1/7/15 – Parking Lot Insanity

I think curb side drop off is in order. Just being in her presence brings a hate to me. Tonight when she is picking up the kids my daughters wants to give Hunter her artwork and I lose it. Screaming at her when the kids are in her car in the parking lot about the faked pregnancies (a couple on me and one on Chris) the fake suicides, using me for 11 years and not loving me, stealing my money, and not paying me for the house and being unwilling to move forward with the divorce once. She just stands there stoic telling me not to yell in front of the children. I tell her you say worse things in front of them.

She doesn’t care what she has done to me. She doesn’t care what she does to anyone. She is a vile toxic cunt who deserves death.

I text her so I can apologize to the kids, and text her I’m sorry. I also tell them that although mommy never apologizes for the mean things she says to me I shouldn’t act that way.

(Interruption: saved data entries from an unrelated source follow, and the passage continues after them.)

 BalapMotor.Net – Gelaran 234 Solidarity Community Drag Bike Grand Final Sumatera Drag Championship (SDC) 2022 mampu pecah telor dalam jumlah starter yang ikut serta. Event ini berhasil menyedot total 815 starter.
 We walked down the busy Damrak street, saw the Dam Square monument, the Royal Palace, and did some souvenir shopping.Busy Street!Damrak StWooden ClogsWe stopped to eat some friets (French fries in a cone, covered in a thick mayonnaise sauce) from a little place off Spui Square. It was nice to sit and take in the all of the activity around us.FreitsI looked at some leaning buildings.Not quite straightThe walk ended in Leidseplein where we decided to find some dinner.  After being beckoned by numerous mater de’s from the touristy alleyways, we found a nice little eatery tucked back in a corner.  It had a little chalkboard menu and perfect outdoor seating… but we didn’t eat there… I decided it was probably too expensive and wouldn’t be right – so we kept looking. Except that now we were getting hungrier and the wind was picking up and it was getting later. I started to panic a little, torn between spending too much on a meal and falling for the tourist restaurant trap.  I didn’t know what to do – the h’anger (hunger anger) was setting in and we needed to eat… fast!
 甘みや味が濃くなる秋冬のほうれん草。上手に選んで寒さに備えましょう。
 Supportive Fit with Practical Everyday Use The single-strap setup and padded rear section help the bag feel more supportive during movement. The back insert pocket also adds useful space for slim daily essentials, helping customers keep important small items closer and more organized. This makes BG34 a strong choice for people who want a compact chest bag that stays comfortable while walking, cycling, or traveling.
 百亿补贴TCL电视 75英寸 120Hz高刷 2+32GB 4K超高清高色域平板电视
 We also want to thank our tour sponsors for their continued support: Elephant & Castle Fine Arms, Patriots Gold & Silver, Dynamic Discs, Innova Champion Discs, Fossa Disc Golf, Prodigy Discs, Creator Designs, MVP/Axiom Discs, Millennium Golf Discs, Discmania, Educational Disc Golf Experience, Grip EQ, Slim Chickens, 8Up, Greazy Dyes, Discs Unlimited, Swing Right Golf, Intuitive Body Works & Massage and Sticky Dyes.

I then text her that if she wants this to be amicable she needs to apologize to me for what she says like a Christian should. No response. She never apologized for anything, and to this day she has never asked for forgiveness and most likely never will.

I talk to my dad before I text her and lose it crying about how she deserves to die and how she is ruining my kids and he calmly talks me down. He tells me he thinks I’m panicking over the new job. He is probably right.

I hope Ben has more concrete advice to offer me tomorrow on how to disconnect from her. I’m not going to survive if I keep this up.

Sent her a few more texts about her apologizing to me for the things she says and reneging on her promise to give me more time with the kids which started this whole thing. I should have know she would never do it.

Fear of being alone. Fear of being poor. Lie, cheat, steal, and manipulate to get what you want and she wonders why everyone hates her, she has no friends, and she has to open her thighs to make them. I need a new mantra that I’m finally free, but I will need to let go of the kids and walk away from all three of them.